Sorrow, uncertainty at Sparrows Point

Transition: As ISG takes over at the Beth Steel plant, many mourn the company that has been part of Baltimore since 1916.

May 08, 2003|By Gus G. Sentementes | Gus G. Sentementes,SUN STAFF

A flurry of faxes, a few strokes of the pen in a Manhattan law office and the swift electronic shift of hundreds of millions of dollars yesterday ended the 99-year life of Bethlehem Steel Corp., an industrial giant emblematic of American economic power for much of the 20th century.

At Sparrows Point in Baltimore County, in Burns Harbor, Ind., and in four other Bethlehem plants across the country, handfuls of survivors surrounded by banks of high-tech, automated steel-manufacturing equipment mourned the company's demise.

"Ten years ago, even five years ago, I would've said no way," said John Thackston, 47, who has worked at Sparrows Point for almost a quarter of a century and whose parents worked there for more than 30 years.

Steel will continue to be manufactured at Sparrows Point by International Steel Group Inc. of Cleveland - which bought the Bethlehem assets for about $1.5 billion - but with far fewer workers and a cautious awareness of the daunting global economics of modern steel production.

Steel workers and industry experts have no illusions about the invulnerability of what remains of Bethlehem.

Malleable company

ISG, a steel producer with facilities salvaged from dinosaurs across the nation's industrial heartland, is as nimble an economic creature as Bethlehem was solid and predictable.

That flexibility - in work rules, manufacturing technology and identifying markets for its products - is essential in traditional industries like steel to survive, even the steelworkers union agreed this week.

"The one thing that they have going for them is they make their decisions quickly," said Tom Conway, a top negotiator for the United Steelworkers of America. "In today's business world, you can't sit around and apply science to everything. Sometimes you got to make decisions with your gut."

ISG chief financial officer Mitch Hecht had high hopes in an interview this week.

"We will be the most productive, integrated steel company in the world," he said. "We'll be among the lowest-cost producers of steel anywhere, equivalent with the mini-mills on a production cost-per-ton basis."

Bethlehem executives recognized the urgent necessity to change but, in the end, the inertia of tradition proved impossible to overcome.

In 1980, it took Bethlehem eight man-hours to make a ton of steel. By the early 1990s, the company had halved that number. And before its sale to ISG, Bethlehem had reduced it to two hours a ton.

ISG's corporate average is about one man-hour, and other mini-mill competitors can make a ton of steel in even less time.

Three major factors

Robert S. "Steve" Miller Jr., the final chairman and chief executive officer who presided over the company's bankruptcy and sale to ISG, said three major factors led to the company's demise: poor productivity, costly benefits for retirees, and a deluge of cheap imports.
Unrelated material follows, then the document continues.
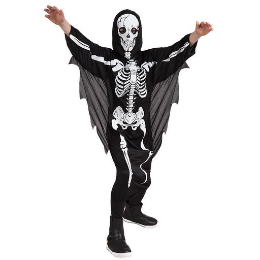 7/9 ans (122 à 134 cm) - Contenu : 1 capuche et 1 tunique.Ce déguisement se compose d'une tunique à manches longues noire. La tunique arrive environ au niveau des chevilles.Un dessin de squelette blanc est présent sur le devant. Un tissu noir transparent part des manches avec un effet déchiré. Une c

"The productivity issue is paramount," Miller said in a recent interview. "Even though we had made great strides in reducing labor hours per ton of steel, we were still not as efficient as the best global competition or the mini-mills."
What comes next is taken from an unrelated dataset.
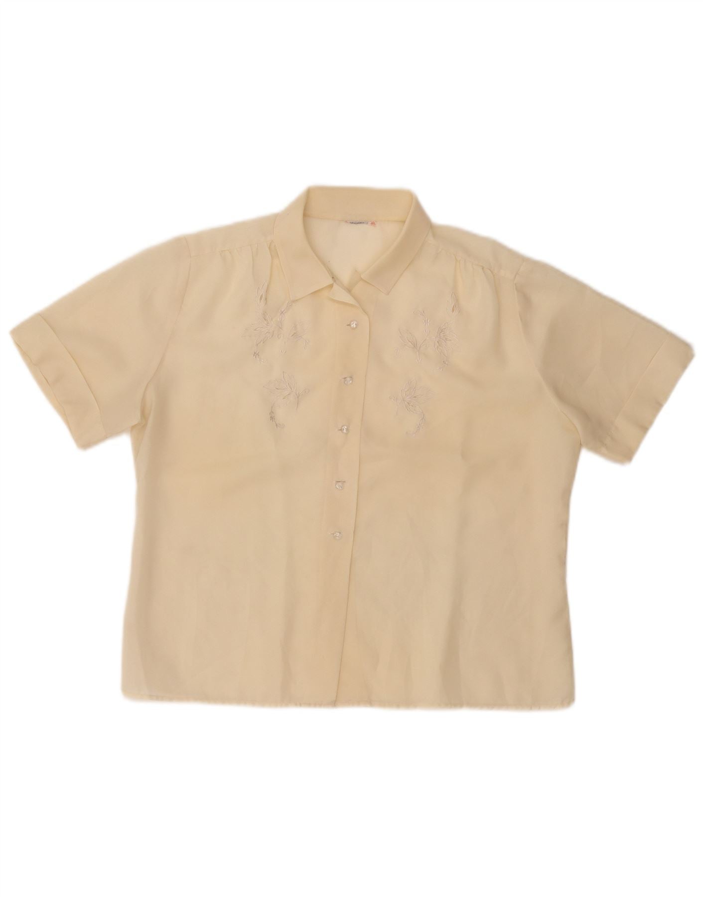 VINTAGE Damen Kurzarm-Hemdbluse UK 14 Mittelgelb geblümt

In the 1990s, Bethlehem tried to reverse its fortunes in the face of intense global competition by investing in plant improvements and new technologies that helped improve productivity and reduce manufacturing time. By the end of the decade, the company had spent more than $600 million on the Sparrows Point plant, including the construction of a more efficient cold-rolling mill.

But becoming more competitive produced its own economic pain - Sparrows Point lost 400 jobs when the cold-rolling mill opened - and the changes seemed never enough to compete successfully with increasingly cheap steel from mini-mills and foreign producers.

"The tragedy of great, shifting world economic forces and flows hit home in places like Sparrows Point," said Joseph L. Arnold, a professor of urban American history at the University of Maryland, Baltimore County. "In some ways, Baltimore has always been a city deeply affected by deep economic changes."

Rising pension and health care costs for retirees helped smother Bethlehem, Miller and industry analysts say.

Once, Bethlehem had 10 workers for every retiree. But that ratio reversed itself, saddling the company with billions of dollars in guaranteed benefits, Miller said.

`Lived in the moment'

Not surprisingly, union leaders vehemently disagree.

"I think for a long time, Bethlehem lived in the moment as opposed to preparing for the future," Leo W. Gerard, president of the United Steelworkers of America, said recently. "I always figured that Martin Tower [company headquarters in Bethlehem, Pa.] was an example of that, where everybody was in management and had country clubs."

ISG plans to keep Sparrows Pont and Bethlehem's other operations open and a majority of employees on the payroll. But Bethlehem's operations under ISG ownership will have far leaner management ranks and a work force about a third smaller than its current 11,000.